Inside the evacuation
Published 11:37 pm Wednesday, June 11, 2014
Detective describes school operation during standoff
For Detective Joyce Williams and several other Suffolk police officers, a day that started unremarkably quickly turned into a test of their ability to project calm into the midst of a crisis.
By 9:30 a.m., Williams was at the scene of a tense situation on William Reid Drive. A suspect, who at the end of the day would apparently take his own life, had barricaded himself inside a house when Virginia State Police tried to serve arrest warrants.
Behind the small, vinyl-clad bungalow was a clear line of sight to Elephant’s Fork Elementary School, where more than 700 students and staff had started an ordinary day.
Witnesses say that when troopers tried to serve Abernathy at 8:30 a.m. — for arson and a fraud-related offense — he fled on foot into the Sadler Heights neighborhood.
Pursued by the troopers, he arrived back at the house in a van he stole after threatening to kill an elderly couple.
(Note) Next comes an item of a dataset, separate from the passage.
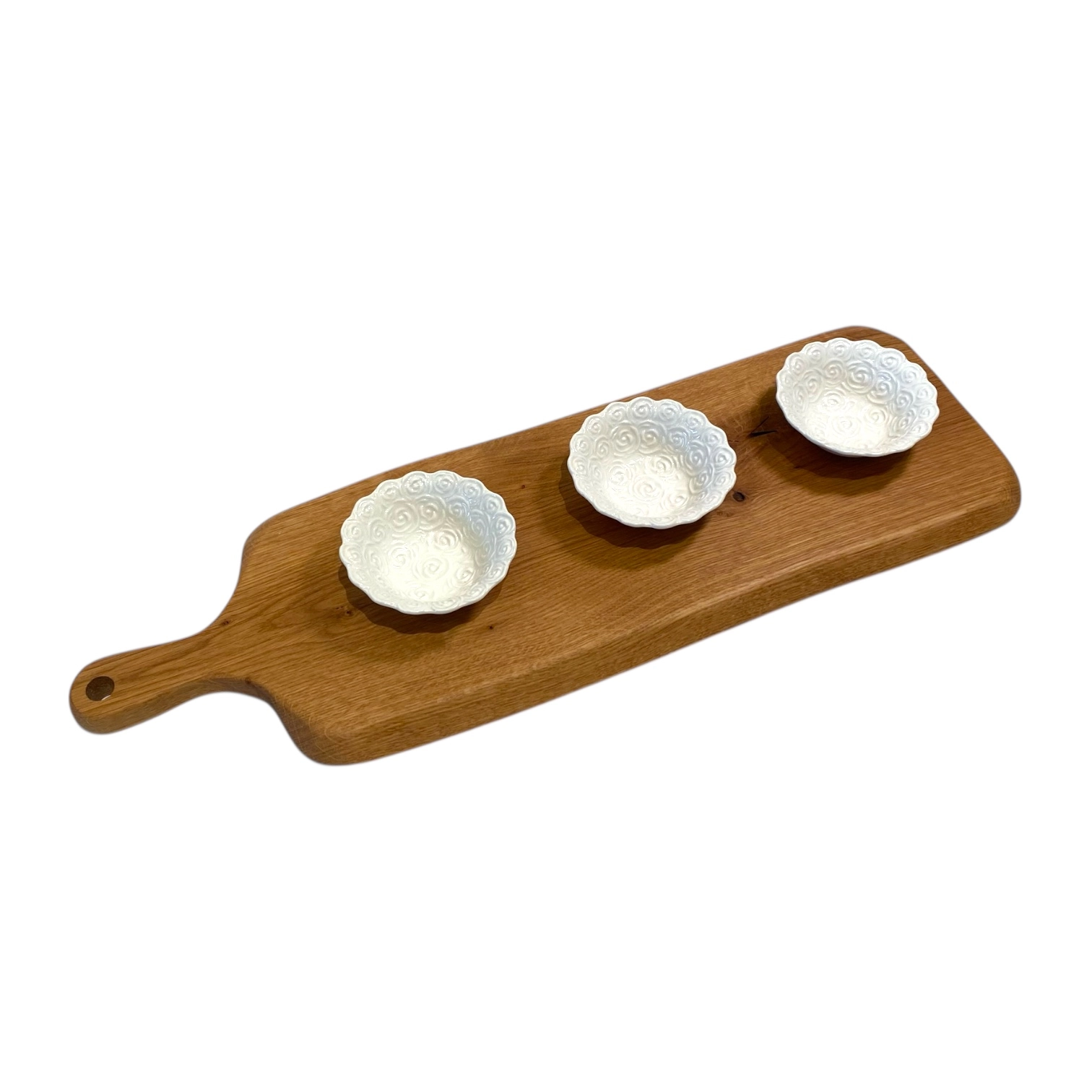 Vassoio artigianale in legno massello con manico e tre ciotoline, perfetto per servire salse, aperitivi o degustazioni.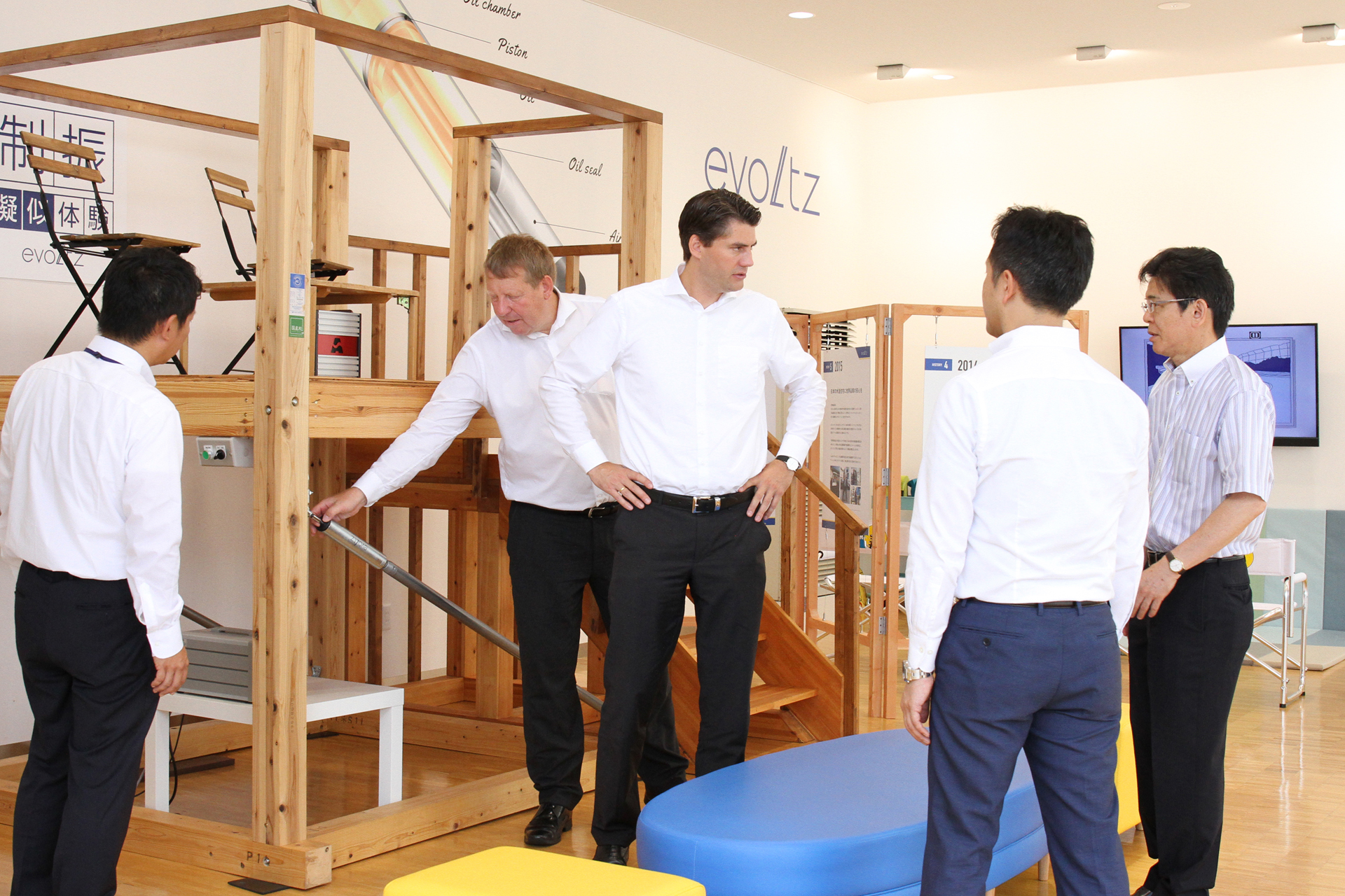 また、制振体験コーナーの動線設計、ディスプレイ制作など空間作りのお手伝いも行っています。

He sprinted inside and then refused to open the door.
Coupled with the fact that the extent of Abernathy’s firepower and his intentions were both unknown quantities, the proximity of the house to the school and open space in between meant the “immediate decision” to lock down Elephant’s Fork was “pretty routine,” Williams said.
Another factor was the mobile classrooms exposed at the side of the school, she said.
“We moved everyone, including staff, from the front of the school to the rear,” Williams said, adding that she and a couple of Suffolk SWAT team officers were asked “to go into the school and make that happen.”
Williams said Wednesday she thought the decision to evacuate already had been made when she arrived. Two Suffolk police were already inside the school.
The gym and cafeteria are “very safe into the interior,” Williams said, so lunch cycles were continued like any regular day, and videos were shown in the gym.
“It seemed very orderly,” she said. “My goal was to keep it as calm as possible and to alleviate all the fear as much as possible. I wanted the kids to believe this was a planned, safety-police drill we were going to do. I said (to the other officers), ‘Let’s clap, and high-five all the kids.’ I think I saw (only) two or three kids that got a little bit teary.”
Williams said she coordinated the evacuation with Capt. Robert Ross and Detective Sgt. Gary Myrick.
Other Suffolk officers involved, she said, included Sgt. Lance Callis, Detective William Shockley and officers Casey Thomas, Chad Hooker and Jerry Fowler.
Officer Tiffany Felder had rookie police officer Christina Jaramillo under her wing, according to Williams, and Suffolk Fire and Rescue’s Firefighter/Medic Marc Triplett acted as the SWAT team medic.
Kids and staff moved away from the front of the building, Williams said, the lead officers began developing an evacuation plan on the fly.
“We went out back and began to look for a viable route to get out to (U.S. Route) 58,” she said.
“We were able to find an area directly at the rear of the playground. Fortunately, the area was very well protected; it was completely out of the line of sight of the suspect’s home. No danger or any harm would come to the children bringing them out into that area.”
They found a section of woods between the playground and 58 that had some growth, Williams said, but not so much that it couldn’t be dealt with.
Williams and two or three SWAT team members began clearing a path, she said. Buses started lining up after school administrators called in drivers living nearby, and city employees in the Public Works Department brought in clearing equipment.
The eastbound exit ramp onto Godwin Boulevard was blocked, and five or six pieces of plywood were laid down, overlapping, to create a solid path, she said.
“I was literally kicking down pine cones because I didn’t want any children to roll their ankle,” Williams said.
Williams said that as officers inside the school helped staff send children across the playground toward the buses one class at a time — special-needs classes first — human lines were formed either side of the plywood path.
During the operation, she said, two tactical-response state troopers patrolled the roof of the school.
“A few of the kids came to the embankment a little bit fearful, so we carried them,” Williams said.
“We were high-fiving them, and clapping them and cheering them, (saying) ‘Good teamwork,’ and told them they’d get to go home early.”
Dismissal of classes began shortly before 1 p.m., and the operation was complete by just after 2 p.m., according to the school district.
“In the end, I really, truly had no idea we had moved over 700 kids and teachers,” she said. “It really did go that smoothly.”